§ **Data excerpts**:

____________

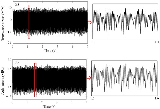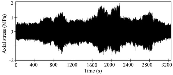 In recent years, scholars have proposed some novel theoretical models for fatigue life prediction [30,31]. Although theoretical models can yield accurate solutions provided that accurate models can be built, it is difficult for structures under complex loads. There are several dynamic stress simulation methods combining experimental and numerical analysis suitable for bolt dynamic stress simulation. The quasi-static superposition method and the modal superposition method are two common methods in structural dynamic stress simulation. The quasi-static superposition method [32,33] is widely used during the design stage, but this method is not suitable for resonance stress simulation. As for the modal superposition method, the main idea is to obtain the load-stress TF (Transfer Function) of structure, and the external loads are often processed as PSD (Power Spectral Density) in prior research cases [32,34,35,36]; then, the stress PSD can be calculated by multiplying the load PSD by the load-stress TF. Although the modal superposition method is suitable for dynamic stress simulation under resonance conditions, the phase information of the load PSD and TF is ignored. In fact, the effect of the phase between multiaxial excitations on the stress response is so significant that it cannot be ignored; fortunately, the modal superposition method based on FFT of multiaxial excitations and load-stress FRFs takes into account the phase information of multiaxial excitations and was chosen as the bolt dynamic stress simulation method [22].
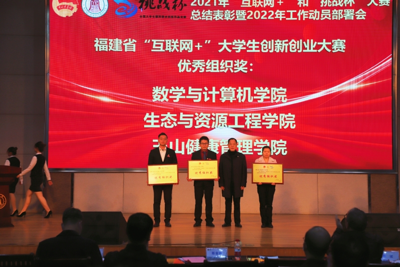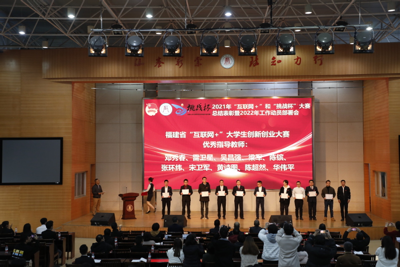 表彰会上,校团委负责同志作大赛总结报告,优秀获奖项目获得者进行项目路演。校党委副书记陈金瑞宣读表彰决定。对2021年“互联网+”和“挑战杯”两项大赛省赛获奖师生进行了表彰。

____________

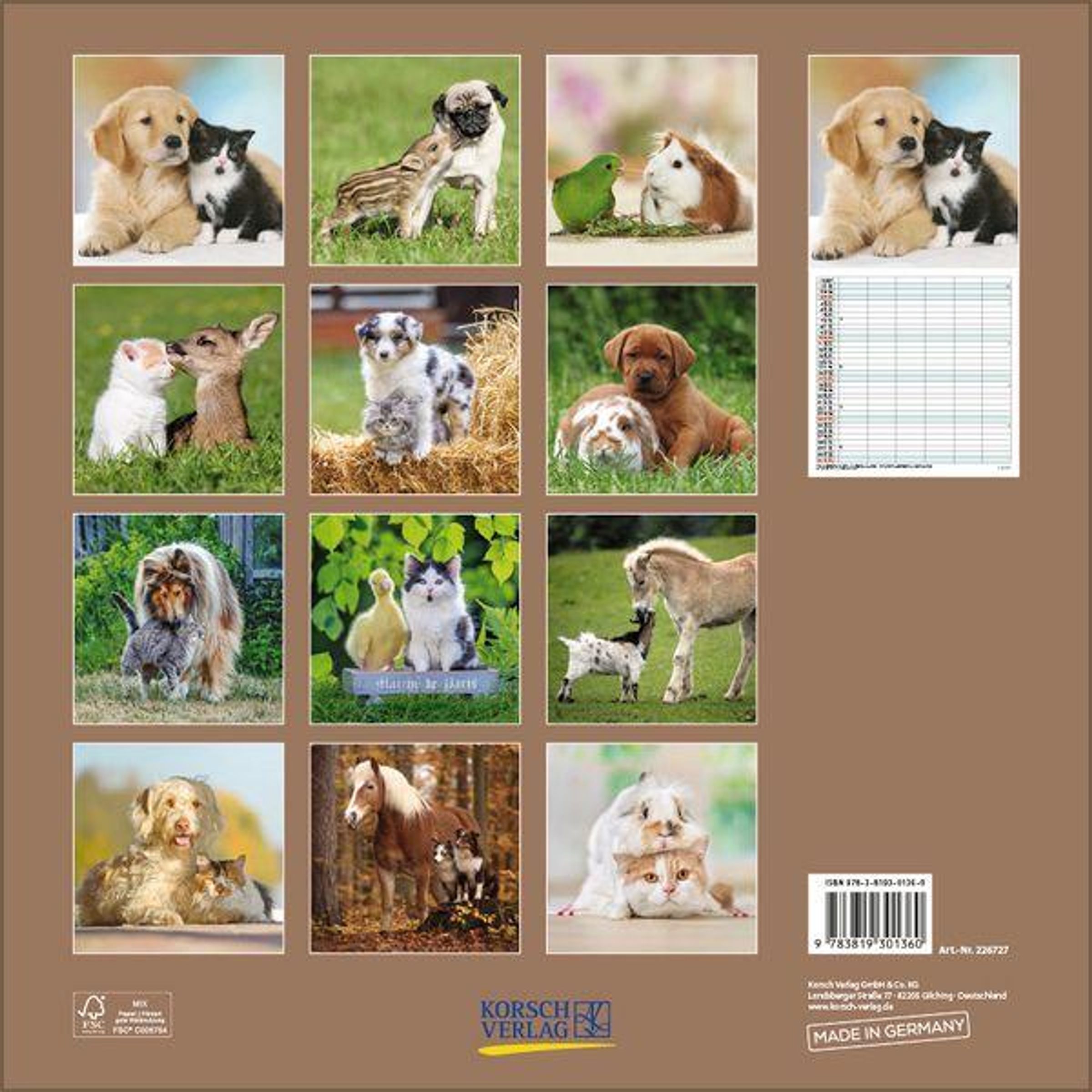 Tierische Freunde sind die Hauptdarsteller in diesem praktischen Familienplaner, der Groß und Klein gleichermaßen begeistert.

____________

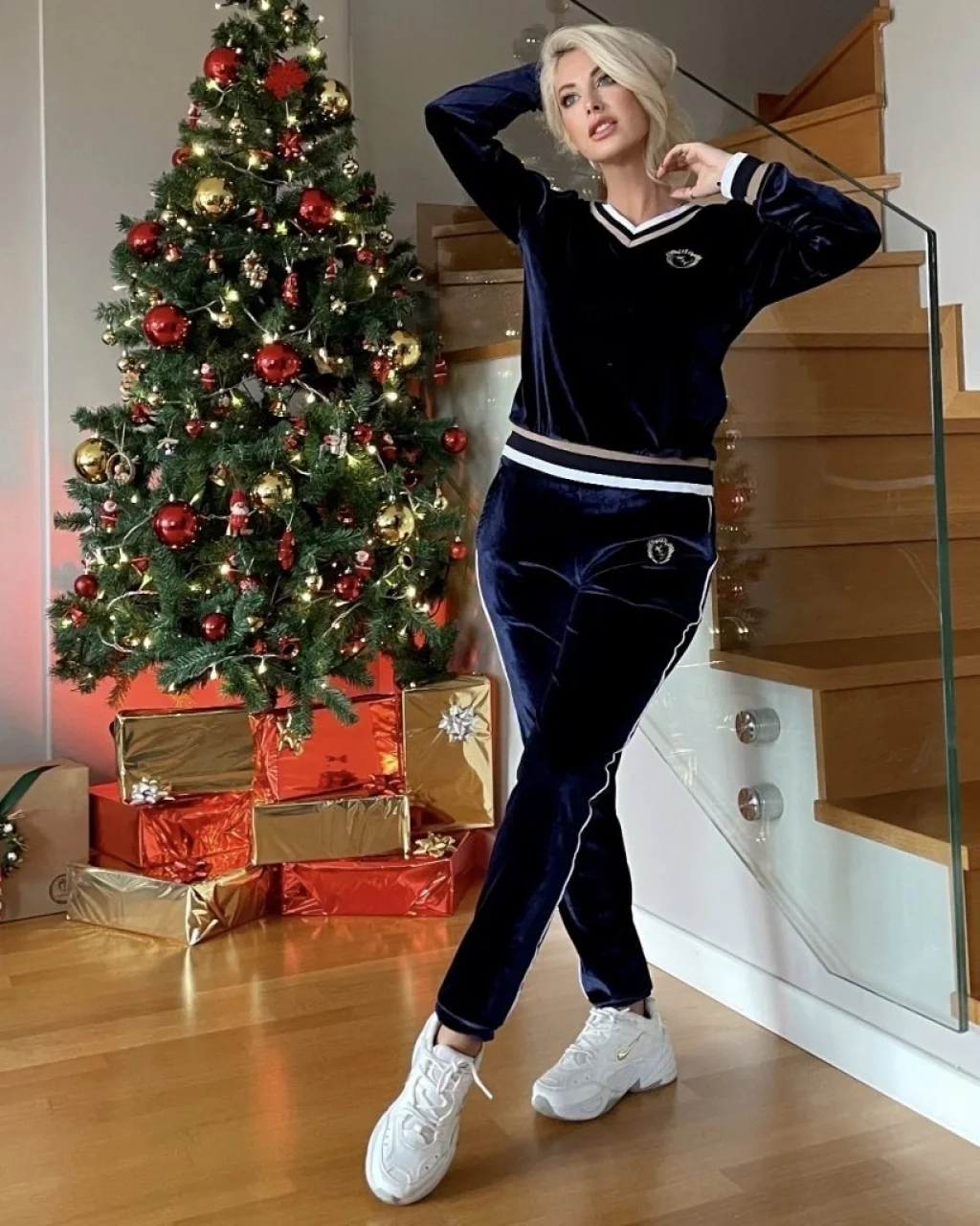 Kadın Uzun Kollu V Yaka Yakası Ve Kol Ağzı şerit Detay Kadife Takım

____________

§ **What to produce**: Output exactly, and only, the lines of the entries above from the one with "In recent years, scholars" up to and including the one with "表彰会上,校团委负责同志作大"; pictures are to be left out.

§ **Answer to the exercise**:
 In recent years, scholars have proposed some novel theoretical models for fatigue life prediction [30,31]. Although theoretical models can yield accurate solutions provided that accurate models can be built, it is difficult for structures under complex loads. There are several dynamic stress simulation methods combining experimental and numerical analysis suitable for bolt dynamic stress simulation. The quasi-static superposition method and the modal superposition method are two common methods in structural dynamic stress simulation. The quasi-static superposition method [32,33] is widely used during the design stage, but this method is not suitable for resonance stress simulation. As for the modal superposition method, the main idea is to obtain the load-stress TF (Transfer Function) of structure, and the external loads are often processed as PSD (Power Spectral Density) in prior research cases [32,34,35,36]; then, the stress PSD can be calculated by multiplying the load PSD by the load-stress TF. Although the modal superposition method is suitable for dynamic stress simulation under resonance conditions, the phase information of the load PSD and TF is ignored. In fact, the effect of the phase between multiaxial excitations on the stress response is so significant that it cannot be ignored; fortunately, the modal superposition method based on FFT of multiaxial excitations and load-stress FRFs takes into account the phase information of multiaxial excitations and was chosen as the bolt dynamic stress simulation method [22].
 表彰会上,校团委负责同志作大赛总结报告,优秀获奖项目获得者进行项目路演。校党委副书记陈金瑞宣读表彰决定。对2021年“互联网+”和“挑战杯”两项大赛省赛获奖师生进行了表彰。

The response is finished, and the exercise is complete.